Where a picture appears, skip it; print everything else in the records exactly as it stands.

"""

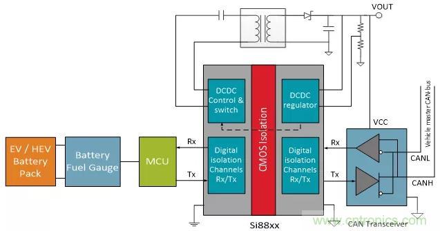 如圖3所示,這個(gè)簡(jiǎn)化的BMS系統(tǒng)展示了在與一個(gè)EV子系統(tǒng)進(jìn)行連接時(shí)信號(hào)和電源隔離的重要性。在大多數(shù)EV子系統(tǒng)中,CAN總線通過(guò)數(shù)字隔離與該子系統(tǒng)中的高壓隔離?,F(xiàn)代數(shù)字隔離兩側(cè)各需要一個(gè)電源為隔離器供電(高壓域和低壓域)。該電源也可為連接到隔離器的其他設(shè)備供電,例如CAN總線收發(fā)器。
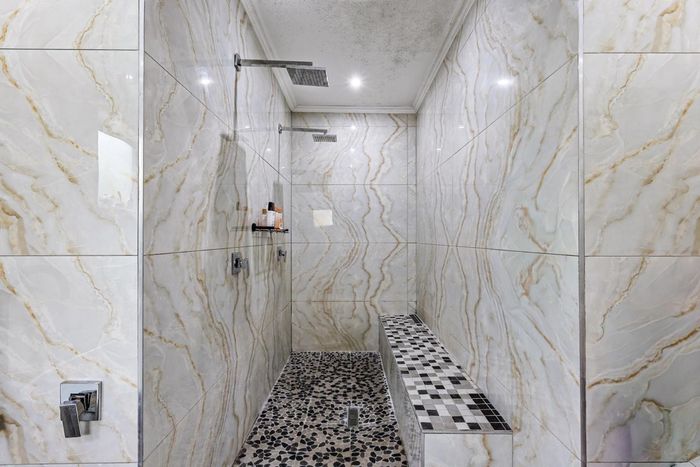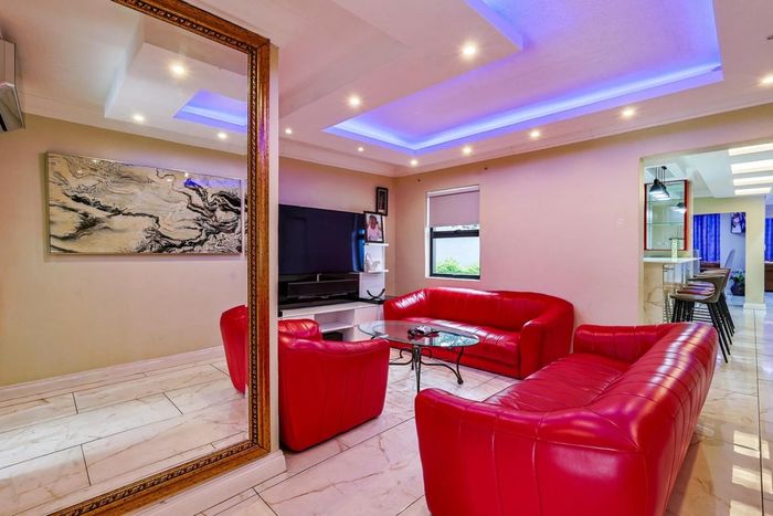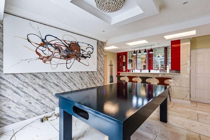 Enjoy effortless entertaining by the pool and enclosed braai room in a family-friendly neighbourhood, plus modern kitchen, solar backup, four bedrooms, 3.5 baths and two garages.
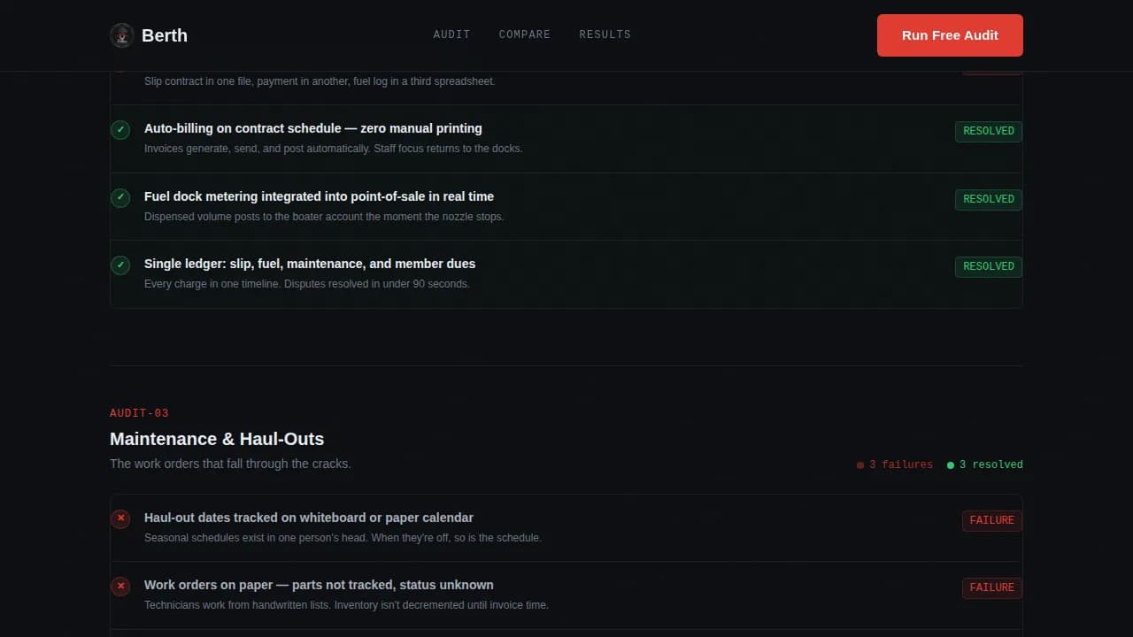 Berth is a high-impact landing page template designed for marina management software platforms. It uses a dark, instrument-panel visual system and a checklist-and-audit scroll structure to name every inefficiency marina managers live with daily. The template guides visitors from recognition to conversion through diagnostic sections, head-to-head comparison tables, social proof metrics, and a targeted audit form.
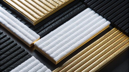 A close-up shot of a set of white towels, golden and black striped tiles on a gray background.
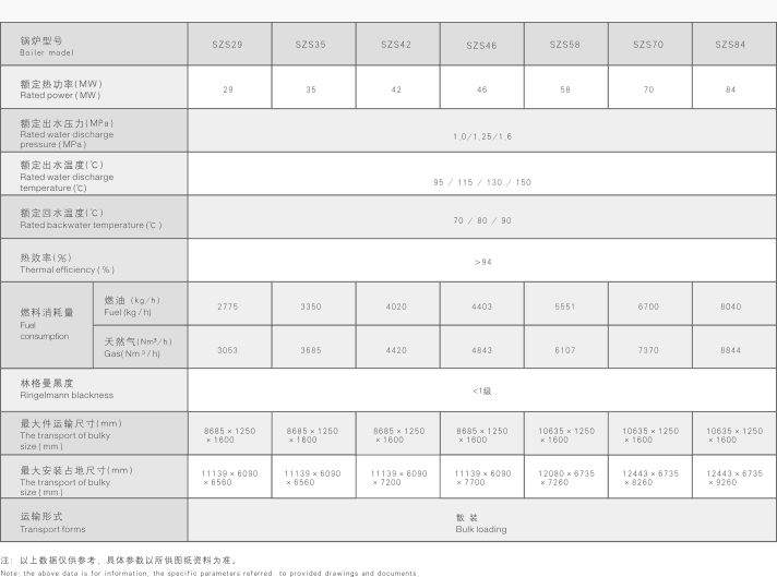单台供热面积:60~150万平方米。总体为D型布置,采用独有的标准及异形全膜式壁结构,散热损失小,本体设计紧凑,优于其他同类产品。锅炉效率可达94-103%
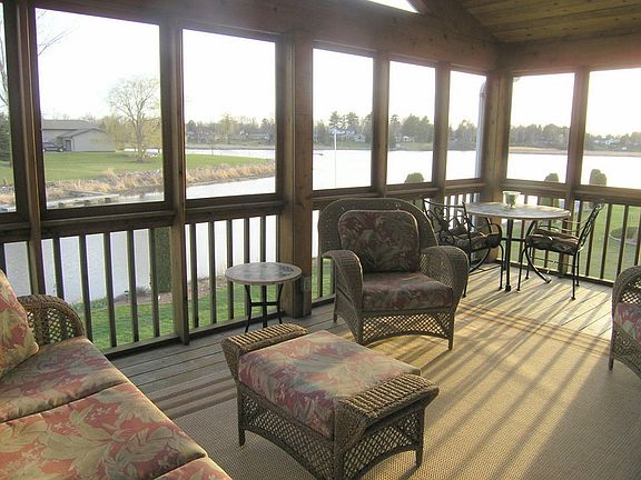 Waterfront condo living at its best with this standalone building with beautiful setting on the East Twin River. You can enjoy the great views from the open concept great room with large southern windows that also provide great natural light or from your spacious screened deck. Property has a heated 3 car garage 2 fireplaces and wood floors. The finished, walkout lower level has a kitchenette and patio for all your rivers edge entertaining.
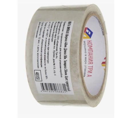 Технические характеристики ленты Компания Три А 48 мм, 50 м, 43 мкм, прозрачная
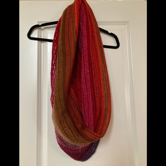 Cute but warm infinity scarf in vibrant colors. Looka great with jeans jacket or winter coat.

"""

◆ **RESULT BELOW**:
 如圖3所示,這個(gè)簡(jiǎn)化的BMS系統(tǒng)展示了在與一個(gè)EV子系統(tǒng)進(jìn)行連接時(shí)信號(hào)和電源隔離的重要性。在大多數(shù)EV子系統(tǒng)中,CAN總線通過(guò)數(shù)字隔離與該子系統(tǒng)中的高壓隔離?,F(xiàn)代數(shù)字隔離兩側(cè)各需要一個(gè)電源為隔離器供電(高壓域和低壓域)。該電源也可為連接到隔離器的其他設(shè)備供電,例如CAN總線收發(fā)器。
 Enjoy effortless entertaining by the pool and enclosed braai room in a family-friendly neighbourhood, plus modern kitchen, solar backup, four bedrooms, 3.5 baths and two garages.
 Berth is a high-impact landing page template designed for marina management software platforms. It uses a dark, instrument-panel visual system and a checklist-and-audit scroll structure to name every inefficiency marina managers live with daily. The template guides visitors from recognition to conversion through diagnostic sections, head-to-head comparison tables, social proof metrics, and a targeted audit form.
 A close-up shot of a set of white towels, golden and black striped tiles on a gray background.
单台供热面积:60~150万平方米。总体为D型布置,采用独有的标准及异形全膜式壁结构,散热损失小,本体设计紧凑,优于其他同类产品。锅炉效率可达94-103%
 Waterfront condo living at its best with this standalone building with beautiful setting on the East Twin River. You can enjoy the great views from the open concept great room with large southern windows that also provide great natural light or from your spacious screened deck. Property has a heated 3 car garage 2 fireplaces and wood floors. The finished, walkout lower level has a kitchenette and patio for all your rivers edge entertaining.
 Технические характеристики ленты Компания Три А 48 мм, 50 м, 43 мкм, прозрачная
 Cute but warm infinity scarf in vibrant colors. Looka great with jeans jacket or winter coat.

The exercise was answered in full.